What this task involves
Without any images, write the listing below out word for word.

Supplied information
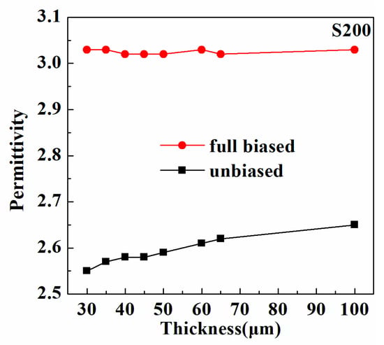 Permittivity as a function of the LC layer thickness for the LC S200 in the fully biased and unbiased states.
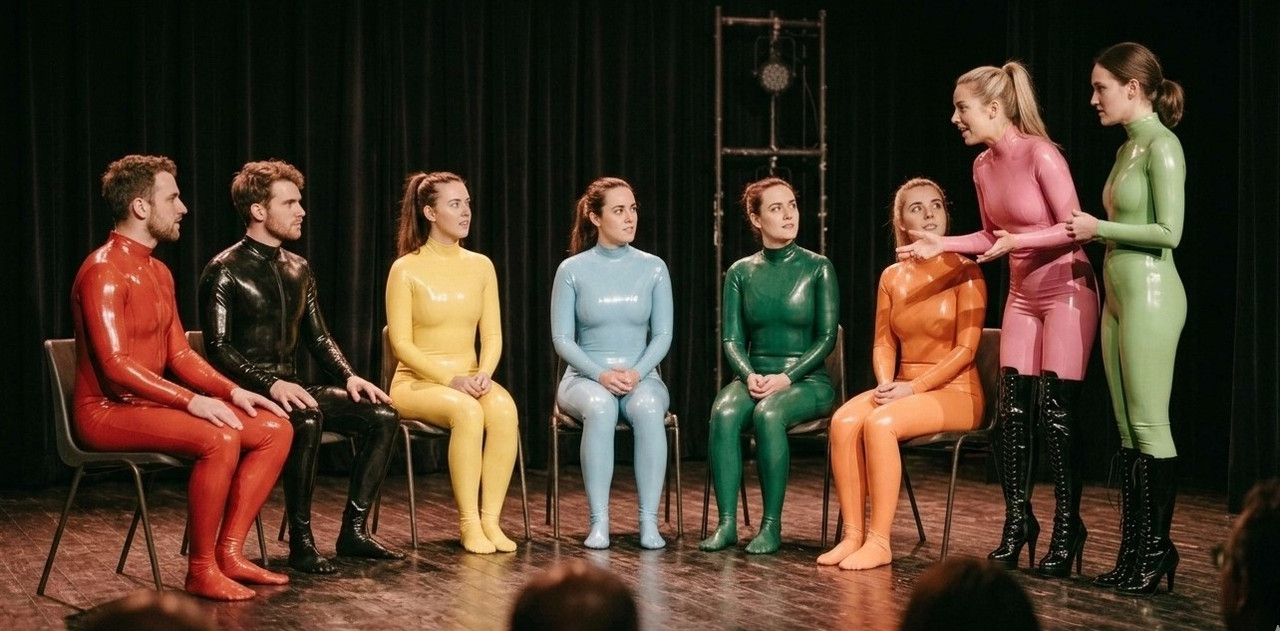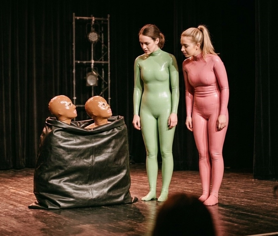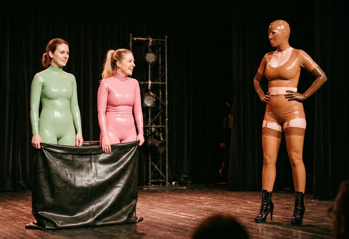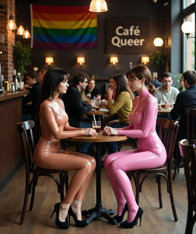 Bella und Amina gehen ins Kino – nebeneinander im Dunkeln, ihre Latexcatsuits schimmern im fahlen Licht der Leinwand. Wenn sich ihre Knie berühren, bleibt diesmal die Berührung. Sie sitzen im Theater, die Hände zunächst getrennt auf den Armlehnen. Nach der Pause liegen ihre Finger ineinander, als wäre es selbstverständlich. Sie besuchen das Gummi- und Latexmuseum, lesen gemeinsam die Tafeln über Materialgeschichte, über Handwerk, über kulturelle Bedeutungen. Sie diskutieren, lachen, staunen. Latex ist da, aber es steht nicht mehr zwischen ihnen.
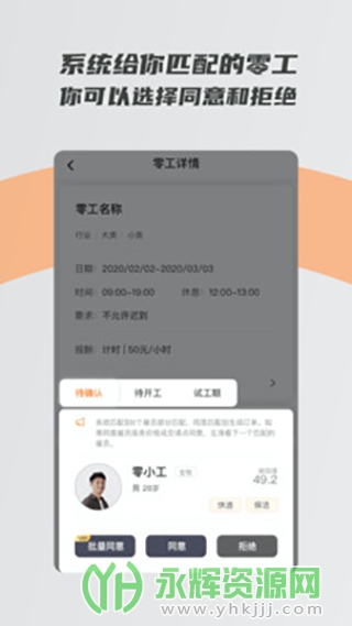 打零工是一个非常专业且用户众多的移动端掌上临时工作和兼职招聘平台应用软件。这款软件为雇主和雇员提供了一个便捷的网络求职与招聘空间。这款软件致力于更高效地连接工作提供者与寻求者,满足不同人群的就业和招聘需求。如果您对这款软件感兴趣的话,不妨来永辉资源网下载体验一番吧!
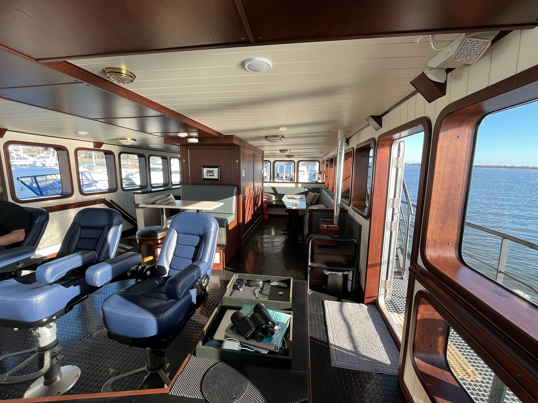 There are so many things to like aboard the refurbished boat. Hidden in the Glovertown-built smokestack, a dumbwaiter runs down to the galley. Gazing out over the main deck, an owner could navigate from the outdoor helm. The array supporting the navigation lights can be lowered on a hinge for easy bulb replacement. And, out on the water, the Anne S. Pierce flattens swells like a tank.

Response to this exercise
 Permittivity as a function of the LC layer thickness for the LC S200 in the fully biased and unbiased states.
 Bella und Amina gehen ins Kino – nebeneinander im Dunkeln, ihre Latexcatsuits schimmern im fahlen Licht der Leinwand. Wenn sich ihre Knie berühren, bleibt diesmal die Berührung. Sie sitzen im Theater, die Hände zunächst getrennt auf den Armlehnen. Nach der Pause liegen ihre Finger ineinander, als wäre es selbstverständlich. Sie besuchen das Gummi- und Latexmuseum, lesen gemeinsam die Tafeln über Materialgeschichte, über Handwerk, über kulturelle Bedeutungen. Sie diskutieren, lachen, staunen. Latex ist da, aber es steht nicht mehr zwischen ihnen.
 打零工是一个非常专业且用户众多的移动端掌上临时工作和兼职招聘平台应用软件。这款软件为雇主和雇员提供了一个便捷的网络求职与招聘空间。这款软件致力于更高效地连接工作提供者与寻求者,满足不同人群的就业和招聘需求。如果您对这款软件感兴趣的话,不妨来永辉资源网下载体验一番吧!
 There are so many things to like aboard the refurbished boat. Hidden in the Glovertown-built smokestack, a dumbwaiter runs down to the galley. Gazing out over the main deck, an owner could navigate from the outdoor helm. The array supporting the navigation lights can be lowered on a hinge for easy bulb replacement. And, out on the water, the Anne S. Pierce flattens swells like a tank.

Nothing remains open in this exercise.